So, this is it. The first post. The pioneer. What to write? What to say?
Maybe a bit of history about myself and why / when I embarked on a journey of self discovery. A journey to find ‘truth’. A journey into the unknown. A journey into the deepest parts of my mind and my psyche. A journey to discover my mind’s eye. A journey into never never land. A journey to change my life and that of those around me for the better.

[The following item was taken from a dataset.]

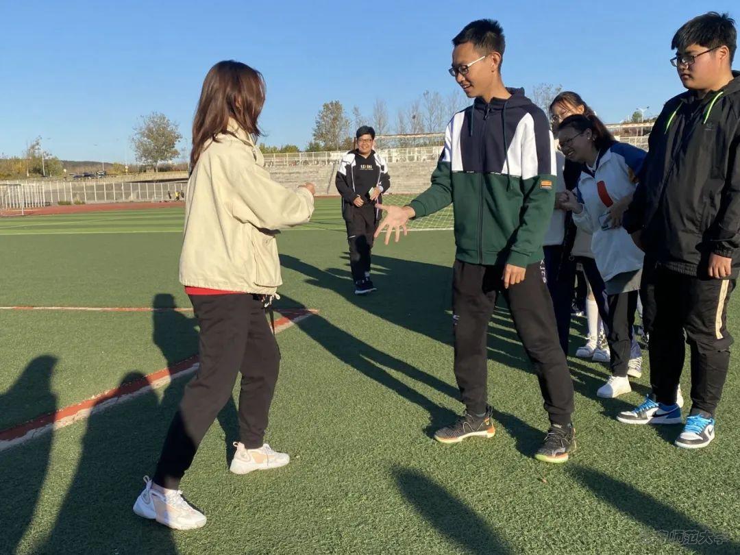 首先,教练们带领大家进行了热身活动,有滚雪球和狙击枪等游戏,这些游戏帮助同学们迅速地记住了同组同学的姓名,有力地拉近了同学们之间的关系。

It all started around the year 2012. I was depressed, anxious and my life was headed in no direction whatsoever. I was in an unhappy long term relationship that I felt trapped in because of the fear of what other people would say if I was to walk out. Get your head around that! In hindsight I should’ve finished that relationship many years previous but instead we decided to get married thinking it would fix all our problems. You guessed it, it didn’t! It just made things much harder to escape. At home I was jealous, had anger issues, hated the world and was very irritable – a true joy to be around! Out and about I was quite the opposite (with the occasional shout at someone… when they deserved it). Of course I was unhappy. I was battling two personas – the person that I was and the person I wanted to be. The angel and the devil on my shoulders. The sinner and the saint. The good and the bad. The happy and the sad. The cool and the jealous. The hard worker and the lazy. The energetic and lethargic… You get what I mean.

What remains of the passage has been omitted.